Nicholas Smith

Tracy Llanera and Nicholas Smith: Egotism in Higher Education

Check out Tracy Llanera and Nicholas Smith's recent essay, "Egotism in Higher Education," in the Cardiff University blog, Open for Debate. This essay is based on the chapter "A Culture of Egotism: Rorty and Higher Education," The Promise of the University: Reclaiming Humanity, Humility, and Hope, ed.  Áine Mahon, forthcoming with Springer.

***Excerpt***

Universities, ideally speaking, can be places that cultivate the process of self-growth. As the pragmatist philosopher Richard Rorty has put it, studying in universities allows students to undergo ‘self-enlargement’. Self-enlargement is Rorty’s take on what his fellow pragmatist and educationalist John Dewey called ‘growth’. Growth as self-enlargement occurs in two main ways: through projects of self-creation and widening relations of solidarity.
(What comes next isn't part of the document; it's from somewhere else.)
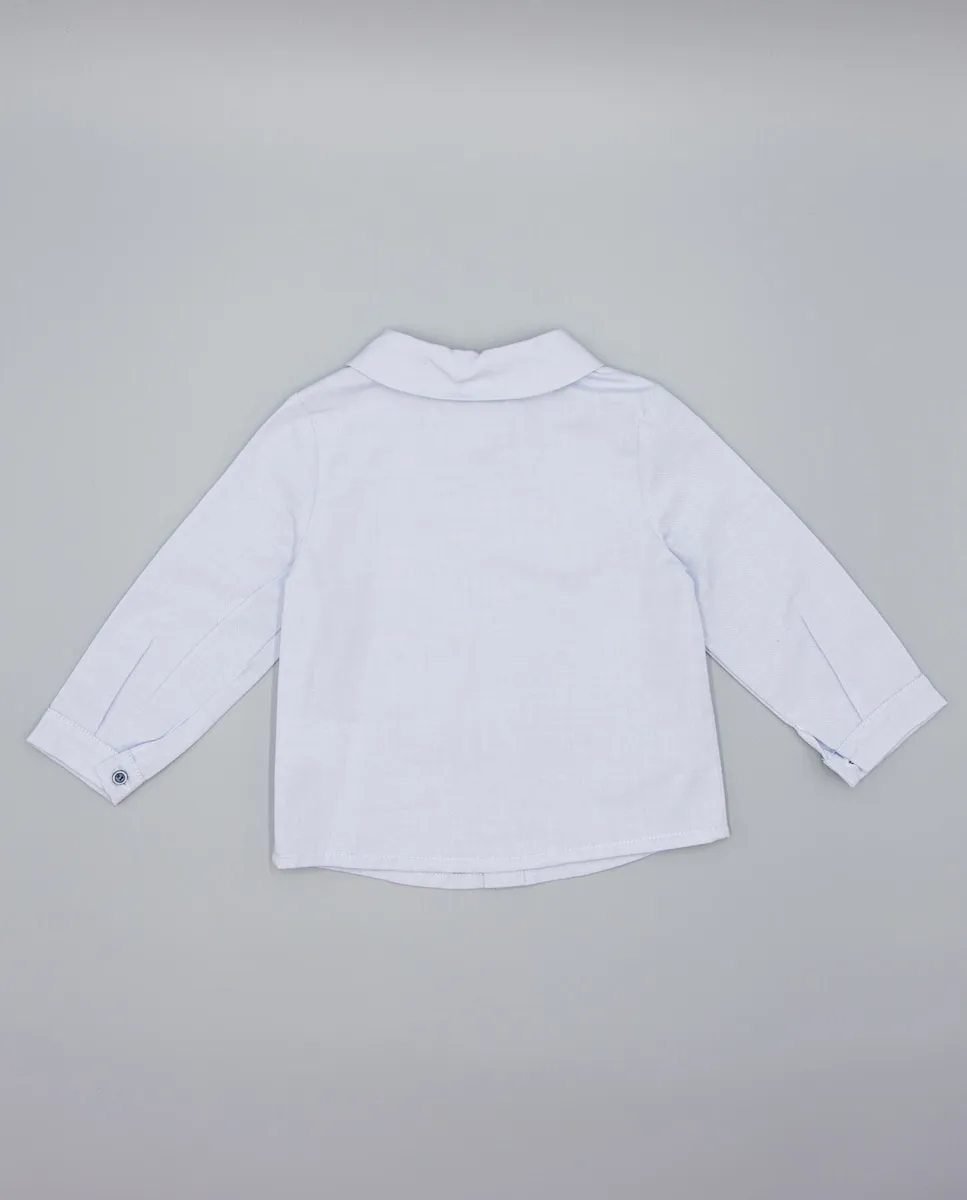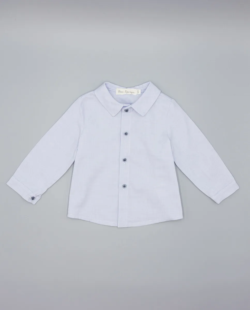 Голубая оксфордская рубашка с отложным воротником. Пуговицы из уретана с контрастным синим цветом. 100% хлопок, мягкая и прочная. Доступны размеры от 3 месяцев до 14 лет.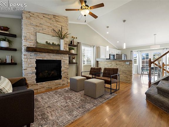 Don't miss your chance at this immaculate 2 bed 2 bath home located minutes from Ft Carson and shopping in Fountain! Greet friends and family that come to visit on the covered front porch, complete with a porch swing that is the perfect spot to unwind at the end of a long day. The floor-to-ceiling stacked stone gas fireplace creates a cozy warmth that will be perfect on these upcoming snowy winter days. Gorgeous kitchen is fully equipped with stainless steel appliances and convenient french doors that lead to the plush green grass and covered back patio that is perfect for summer BBQ's. Heading upstairs you'll find two spacious bedrooms and a completely updated full bathroom. Lower level offers a secondary living room/flex space that could be used as a family room, office, or workout area. Recently remodeled lower level bathroom is great for visiting guests. And for those with an Electric Vehicle, 220v service in the garage is already installed to make charging a breeze! Homes this nice don't come around often, so schedule your showing today!

Self-creation involves the making of oneself anew and the adoption for oneself of a ‘final vocabulary’, or a language that expresses one’s commitments, self-projects, and understanding and relationship with others and the world. Widening solidarity involves expanding the group to which one feels some belonging. At the heart of both are encounters with real or imaginary people, and these encounters reveal the limits and narrowness of one’s previous sense of self. In taking knowingness and self-satisfaction as its enemies, a culture of self-enlargement is the opposite of a culture of egotism.